Così ha affermato lo storico e filosofo francese Emmanuel Todd nella sua conferenza di aprile a Mosca, “Dalla Russia con amore“.
“Questa [rivoluzione di Trump] è, a mio avviso, legata alla sconfitta. Diverse persone mi hanno riferito di conversazioni tra membri del team di Trump, e ciò che colpisce è la loro consapevolezza della sconfitta. Persone come J.D. Vance, il vicepresidente, e molti altri, sono persone che hanno capito che l’America ha perso questa guerra”.
Questa consapevolezza americana della sconfitta, tuttavia, contrasta nettamente con la sorprendente mancanza di consapevolezza – o meglio, di negazione – della sconfitta da parte degli europei:
“Per gli Stati Uniti, si tratta fondamentalmente di una sconfitta economica. La politica delle sanzioni ha dimostrato che il potere finanziario dell’Occidente non è onnipotente. Agli americani è stata ricordata la fragilità della loro industria militare. Le persone al Pentagono sanno benissimo che uno dei limiti alla loro azione è la limitata capacità del complesso militare-industriale americano”.
“Che l’America in questo momento sia nel mezzo di una seria rivoluzione – facilmente paragonabile alla fine dell’URSS – è compreso da pochi. Eppure, i nostri preconcetti – politici e intellettuali – spesso ci impediscono di vedere e assimilare la portata di questa realtà”.

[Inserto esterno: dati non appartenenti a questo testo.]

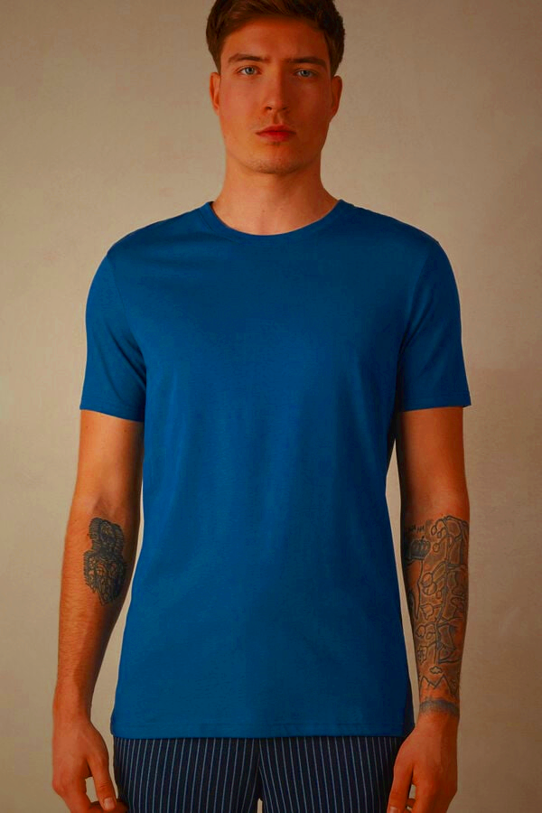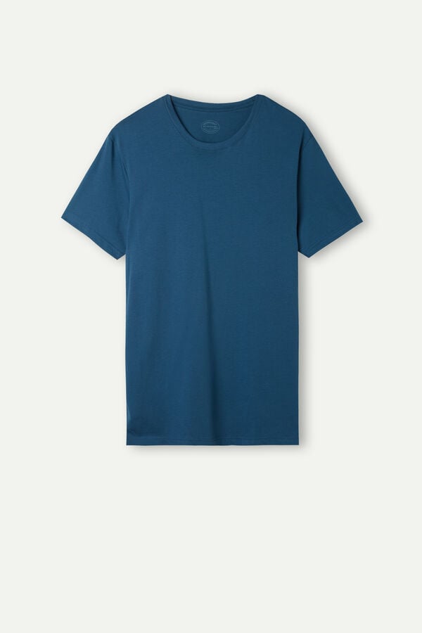 Intimissimi Men's Short Sleeve Crew Neck T-Shirt in Supima Cotton Blue

Todd, a suo merito, non ha difficoltà ad ammettere la difficoltà di percezione:
“Devo ammettere che quando il sistema sovietico era effettivamente crollato, non ero stato in grado di prevedere l’entità della disgregazione e il livello di sofferenza che questa disgregazione avrebbe causato alla Russia. La mia esperienza mi ha insegnato una cosa importante: il crollo di un sistema è tanto mentale quanto economico… Non avevo capito che il comunismo non era solo un’organizzazione economica, ma anche un sistema di credenze, una quasi-religione, che strutturava la vita sociale sovietica e russa. La dislocazione delle credenze aveva portato a una disorganizzazione psicologica ben oltre la disorganizzazione economica. Oggi in Occidente stiamo raggiungendo una situazione di questo tipo”.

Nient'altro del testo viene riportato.